▸ WORK TASK: Using the listing below, set down exactly the lines starting at the line that contains "El área de estudio" and ending at the line that contains "#ParaTodosVerem: Imagem 3", both included, and no others.

▸ THE RECORDS:
+---+

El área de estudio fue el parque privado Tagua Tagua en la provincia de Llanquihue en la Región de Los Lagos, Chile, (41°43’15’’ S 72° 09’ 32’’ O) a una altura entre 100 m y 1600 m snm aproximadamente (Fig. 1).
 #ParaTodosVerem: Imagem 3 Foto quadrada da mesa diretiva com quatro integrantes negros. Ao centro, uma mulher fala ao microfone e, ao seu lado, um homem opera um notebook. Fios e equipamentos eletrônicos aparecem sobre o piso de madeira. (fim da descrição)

+---+

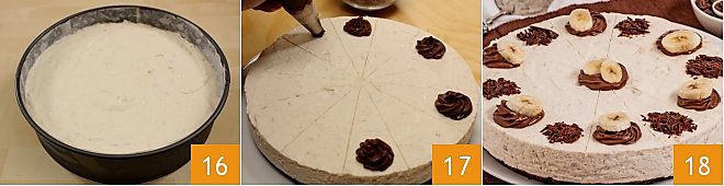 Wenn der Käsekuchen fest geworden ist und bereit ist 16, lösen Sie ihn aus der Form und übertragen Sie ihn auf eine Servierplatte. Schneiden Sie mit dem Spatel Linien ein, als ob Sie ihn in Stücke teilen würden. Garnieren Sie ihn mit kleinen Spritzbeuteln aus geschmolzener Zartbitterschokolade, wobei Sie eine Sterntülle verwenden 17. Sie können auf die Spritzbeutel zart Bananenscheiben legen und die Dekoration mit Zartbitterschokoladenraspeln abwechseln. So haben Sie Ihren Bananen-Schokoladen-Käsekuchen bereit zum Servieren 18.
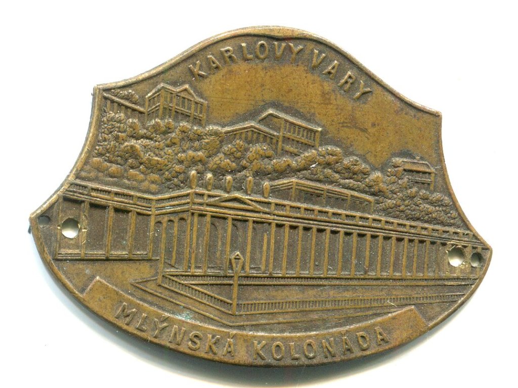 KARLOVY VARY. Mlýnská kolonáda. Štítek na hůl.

+---+

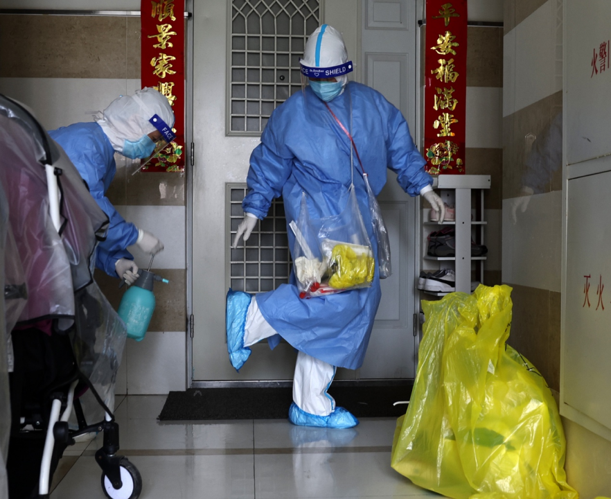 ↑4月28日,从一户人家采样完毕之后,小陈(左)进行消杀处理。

+---+

▸ EXERCISE ANSWER:
El área de estudio fue el parque privado Tagua Tagua en la provincia de Llanquihue en la Región de Los Lagos, Chile, (41°43’15’’ S 72° 09’ 32’’ O) a una altura entre 100 m y 1600 m snm aproximadamente (Fig. 1).
 #ParaTodosVerem: Imagem 3 Foto quadrada da mesa diretiva com quatro integrantes negros. Ao centro, uma mulher fala ao microfone e, ao seu lado, um homem opera um notebook. Fios e equipamentos eletrônicos aparecem sobre o piso de madeira. (fim da descrição)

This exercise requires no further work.